Heterodisca scardamiata

Scientific classification
- Domain: Eukaryota
- Kingdom: Animalia
- Phylum: Arthropoda
- Class: Insecta
- Order: Lepidoptera
- Family: Geometridae
- Genus: Heterodisca
- Species: H. scardamiata
- Binomial name: Heterodisca scardamiata Warren, 1896
- Synonyms: Heterodisca flavimacula Prout, 1929

= Heterodisca scardamiata =

- Authority: Warren, 1896
- Synonyms: Heterodisca flavimacula Prout, 1929

Species of moth

Heterodisca scardamiata is a moth in the family Geometridae.
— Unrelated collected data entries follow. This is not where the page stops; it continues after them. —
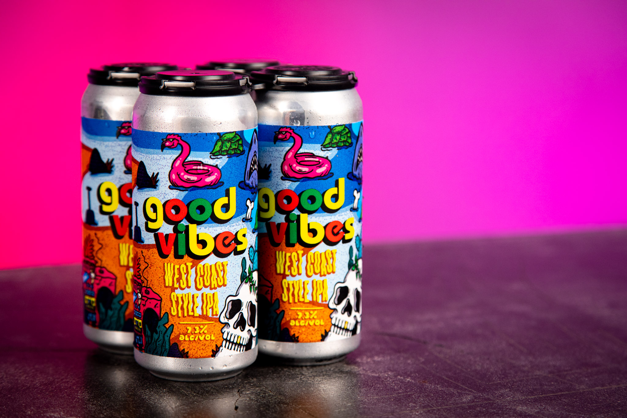 Voodoo Brewing Good Vibes West Coast IPA 4pk 16oz – Good Vibes is hopped five times in the kettle & double dry hopped to produce bodacious dank fruit notes. Voodoo Brewing also used gnarly amounts of Galaxy, Amarillo, Mosaic & Apollo to make it the beloved West Coast-style IPA it is. 7.3% ABV
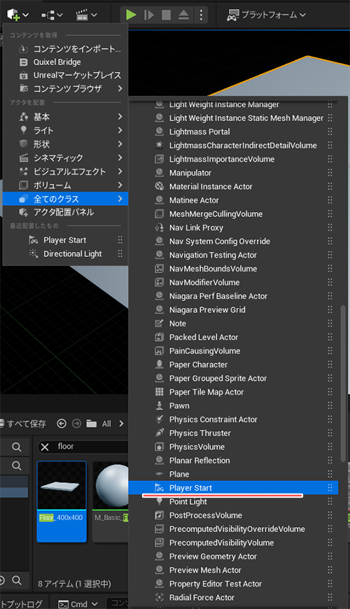 キューブに+アイコンから全てのクラス>Player Start を選択、中央付近に配置します。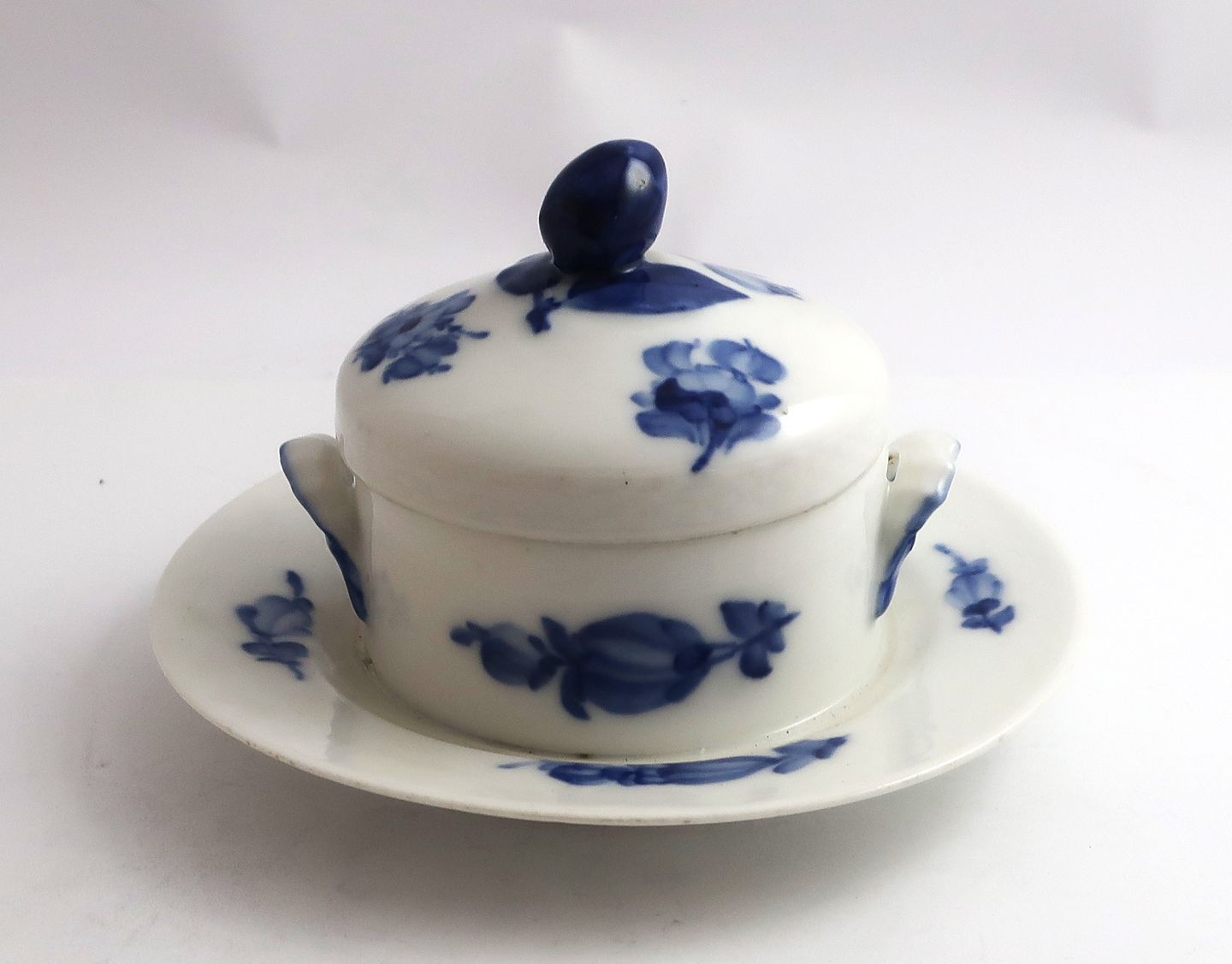 Royal Copenhagen. Blå blomst, flettet. Smørskål. Model 8075. Højde 8 cm. (2 sortering)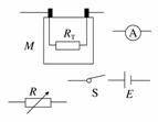 2. [2010·课标全国卷Ⅱ]如图所示,一热敏电阻RT放在控温容器M内;A为毫安表,量程6 mA,内阻为数十欧姆;E为直流电源,电动势约为3 V,内阻很小;R为电阻箱,最大阻值为999.9 Ω; S为开关.已知RT在95℃时的阻值为150 Ω,在20℃时的阻值约为550 Ω.现要求在降温过程中测量在95℃~20℃之间的多个温度下RT的阻值.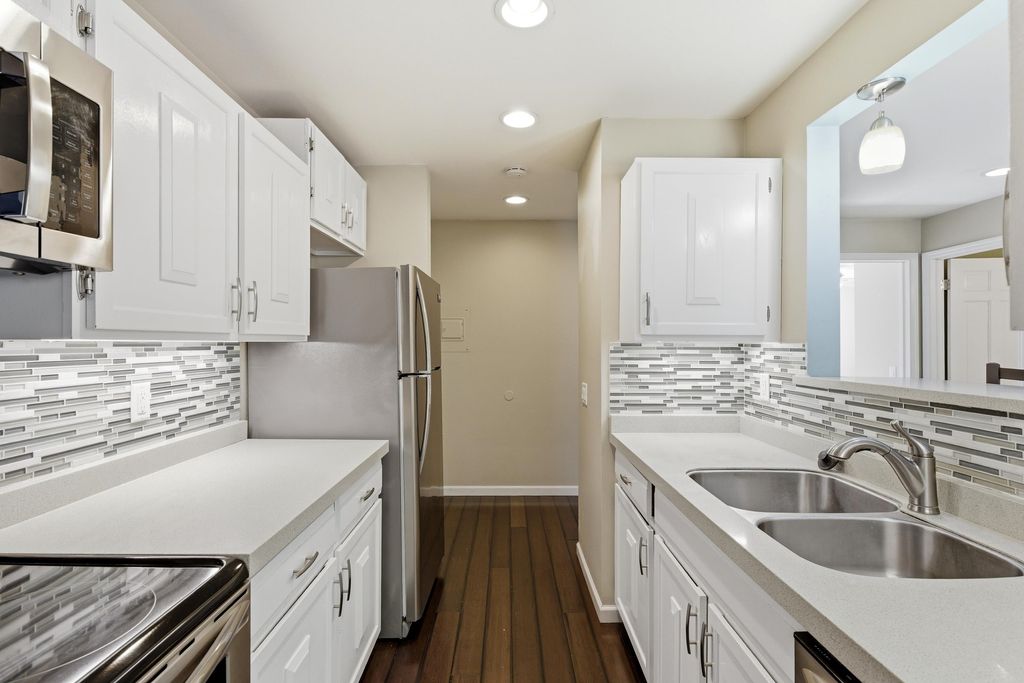 Welcome to this beautifully updated 2-bedroom, 1-bath condo in an unbeatable Middleton location. The refreshed kitchen features quartz countertops, white cabinetry and stainless steel appliances, flowing seamlessly into a bright and comfortable living space. Enjoy a quiet, private setting from your balcony that feels like you're nestled in the trees, perfect for morning coffee or evening unwinding. Ideally located directly across the street from Marshall Park on the shores of Lake Mendota, offering easy access to trails, green space and waterfront activities. Additional highlights include a private 1-car garage, ample surface parking for residents and guests and a dedicated storage unit. HOA dues cover heat and hot water, adding convenience and value to this exceptional opportunity.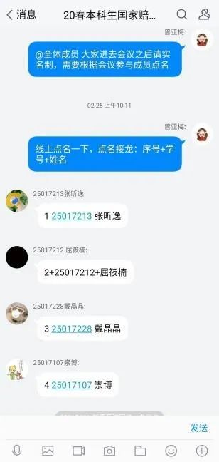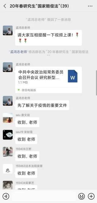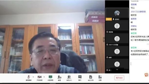 第一节在线课程开课后,孟鸿志老师和同学们进行了在线视频,了解每位学生的近况,关注疫情下同学们的身心健康及学习状态。开展线上授课时,先通过QQ群点名接龙和会议参与成员实名制相结合,确保选课同学的到课率。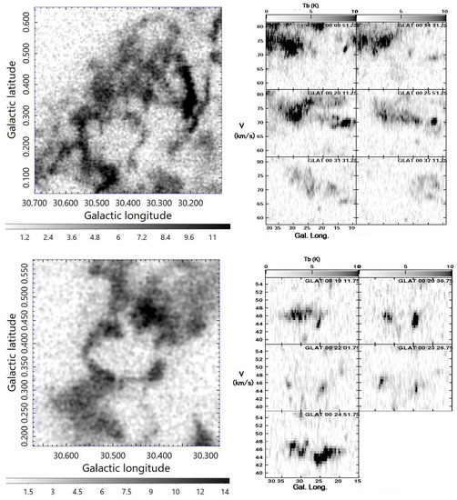 - Stil, J.M.; Taylor, A.R.; Dickey, J.M.; Kavars, D.W.; Martin, P.G.; Rothwell, T.A.; Boothroyd, A.I.; Lockman, F.J.; McClure-Griffiths, N.M. The VLA Galactic Plane Survey. Astron. J. 2006, 132, 1158–1176. [Google Scholar] [CrossRef]

It is endemic to Indonesian New Guinea.

== Appearance ==
This species has two distinct male and female patterns. Males of the species are really light with small lines crossing through their wings like a strikethrough. These are the same in the females but the females instead of light grey of the males for the lines have dark black stark lines. males of the species do not have clear fringing as females which are very lightly fringed 6 times on each wing towards the bottom. The wings have hairy tips. overall coloration of this species is orange but in females it starts to go into a dusting of brown. there are 4 spots near the edge of the bottom wings and two eyespots on the outside of the wings on the females. the males have faint eyespots on their wings and erratic speckling towards the bottom.

== Records ==
There are two records on the internet of live specimens both female.

There are also very few dead specimens of males and many female specimens. this suggests males are less common.